Therefore, the leaves are also the mother to the tree.
Since the leaf is linked to the tree by a stem, the
communication between them is easy to see.
We do not have a stem linking us to our mother
anymore, but when we were in her womb, we had a
very long stem, an umbilical cord. The oxygen and the
nourishment we needed came to us through that stem.
But on the day we were born, it was cut off, and we
received the illusion that we became independent. That
is not true. We continue to rely on our mother for a
very long time, and we have many other mothers as
well. The Earth is our mother. We have a great many
stems linking us to our Mother Earth. There are stems
linking us with the clouds. If there are no clouds, there
will be no water for us to drink. We are made of at least
seventy percent water, and the stem between the cloud
and us is really there. This is also the case with the
river, the forest, the logger, and the farmer. There are
hundreds of thousands of stems linking us to everything
in the cosmos, supporting us and making it possible for
us to be. Do you see the link between you and me? If
you are not there, I am not here. This is certain. If you
do not see it yet, please look more deeply and I am sure
you will.
I asked the leaf whether it was frightened because it was
autumn and the other leaves were falling. The leaf told
me, No. During the whole spring and summer I was
completely alive. I worked hard to help nourish the tree,
and now much of me is in the tree. I am not limited by
this form.

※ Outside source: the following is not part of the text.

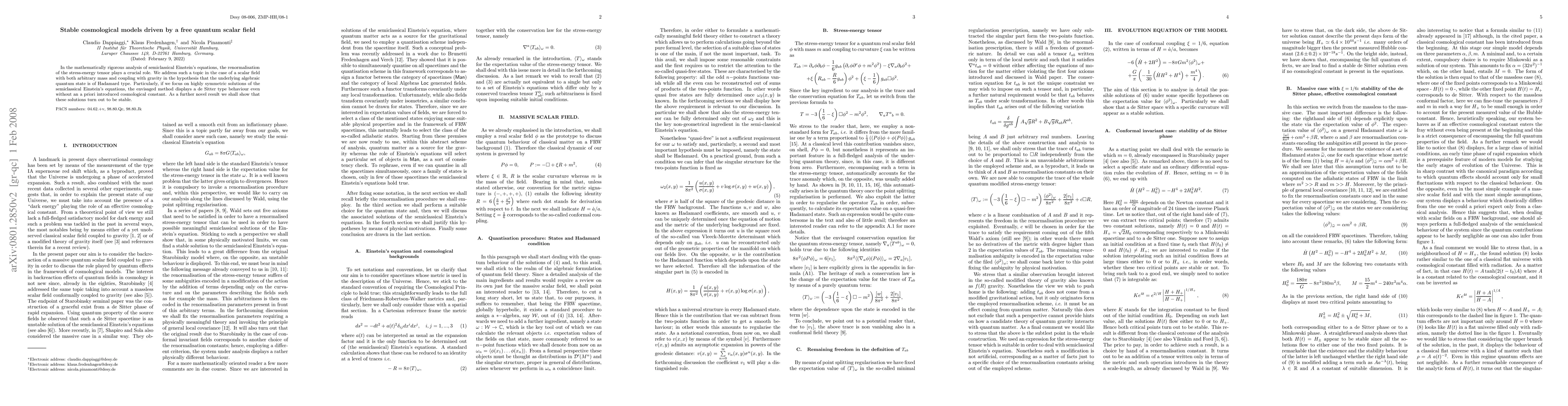 In the mathematically rigorous analysis of semiclassical Einstein's equations, the renormalisation of the stress-energy tensor plays a crucial role. We address such a topic in the case of a scalar field with both arbitrary mass and coupling with gravity in the hypothesis that the underlying algebraic quantum state is of Hadamard type. Particularly, if we focus on highly symmetric solutions of the semiclassical Einstein's equations, the envisaged method displays a de Sitter type behaviour even without an a priori introduced cosmological constant. As a further novel result we shall show that these solutions turn out to be stable.

I am also the whole tree, and when I go back
to the soil, I will continue to nourish the tree. So I don’t
worry at all. As I leave this branch and float to the
ground, I will wave to the tree and tell her, ‘I will see
you again very soon.’”
That day there was a wind blowing and, after a while, I
saw the leaf leave the branch and float down to the soil,
dancing joyfully, because as it floated it saw itself
already there in the tree. It was so happy. I bowed my
head, knowing that I have a lot to learn from that leaf.
We Are All Linked to Each Other
Millions of people follow sports. If you love to watch
soccer or baseball, you probably root for one team and
identify with them. You may watch the games with
despair and elation. Perhaps you give a little kick or
swing to help the ball along. If you do not take sides,
the fun is missing. In wars we also pick sides, usually
the side that is being threatened. Peace movements are
born of this feeling. We get angry, we shout, but rarely
do we rise above all this to look at a conflict the way a
mother would who is watching her two children
fighting. She seeks only their reconciliation.
In order to fight each other, the chicks born from the
same mother hen put colors on their faces.” This is a
well-known Vietnamese saying. Putting colors on our
own face is to make ourselves a stranger to our own
brothers and sisters. We can only shoot others when
they are strangers. Real efforts for reconciliation arise
when we see with the eyes of compassion, and that
ability comes when we see clearly the nature of
interbeing and interpenetration of all beings.
In our lives, we may be lucky enough to know someone
whose love extends to animals and plants. We may also
know people who, although they themselves live in a
safe situation, realize that famine, disease, and
oppression are destroying millions of people on Earth
and look for ways to help those who suffer. They
cannot forget the downtrodden, even amidst the
pressures of their own lives. At least to some extent,
these people have realized the interdependent nature of
life. They know that the survival of the underdeveloped
countries cannot be separated from the survival of the
materially wealthy, technically advanced countries.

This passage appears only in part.